Writing: Take a step back and see what you’ve written, catch your breath, and identify any areas that need additional work. Think about what you have accomplished and what you want to tackle next. The goal is a finished first draft which is a work in progress. After getting down all of your ideas, you will want to fix things, move things, rework and delete things.
Rest Days and Recovery
Workout: Another crucial step in a workout routine is the down time. Your body needs to reset and rest before getting back at it. You will be stronger for it. It is usually one day off in a week, maybe two in between intense days. If you don’t take the time to rest, you risk burning out and can stop making gains because of overusing your muscles or getting dehydrated and exhausted.
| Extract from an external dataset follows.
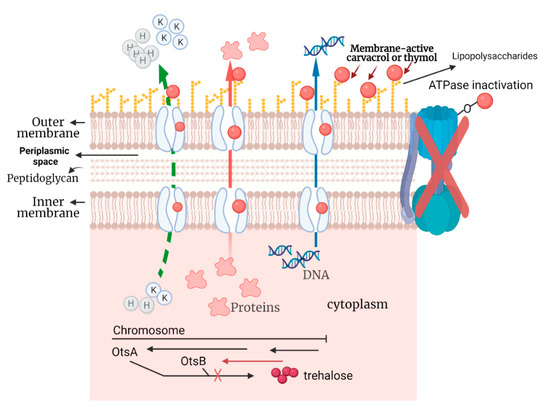 The proposed mechanism of action of carvacrol or thymol against desiccation-resistant Salmonella is presented schematically in Figure 10. Briefly, the interaction of carvacrol or thymol with the cytoplasmic membrane of desiccation-resistant Salmonella Tennessee permeabilizes the cells, causing leakage of the intracellular small ions, such as K+, whose intracellular accumulation is needed as a primary event in resistance to desiccation. With the increase in cell-membrane permeability, efflux of other intracellular molecules, such as DNA and proteins, starts. Compromising the cytoplasmic membrane permeability could also alter the proton motive force and reduce respiration. Additionally, the phenol group of carvacrol or thymol may interact with ATPase, causing its inactivation. Several other direct or indirect cascades of events could affect the transcription of genes necessary for desiccation adaption; however, this inference needs future research.

Writing: No one can keep writing full speed ahead all of the time. Breaks are the time you need to mentally reset, rest and recharge. Walk away and come back later with a fresh set of eyes and ideas. You will notice things when you come back later that you did not see when you were writing.
The steps to follow to dedicate yourself to a successful and rewarding writing routine are very similar to those of a workout routine. Both can be challenging and intimidating to start and a little painful in the beginning, but once you get used to a routine you will start adapting. You may begin to look forward to the next day and find yourself getting into a groove. With a workout, you start getting into shape, seeing your body change, and gain energy. With writing, you begin to feel better about what you’re writing, get new ideas faster, begin to experience adrenaline as you push forward and realize that you can do this and that writing is good for your soul. Developing a writing routine for either effort is important and takes a little time, but once you get going you’ll be thrilled with the results. Push beyond your comfort zone and you will be surprised where you can go with consistency. No matter your passion, get plenty of sleep, eat well, take vitamins, get fresh air and take lots of breaks!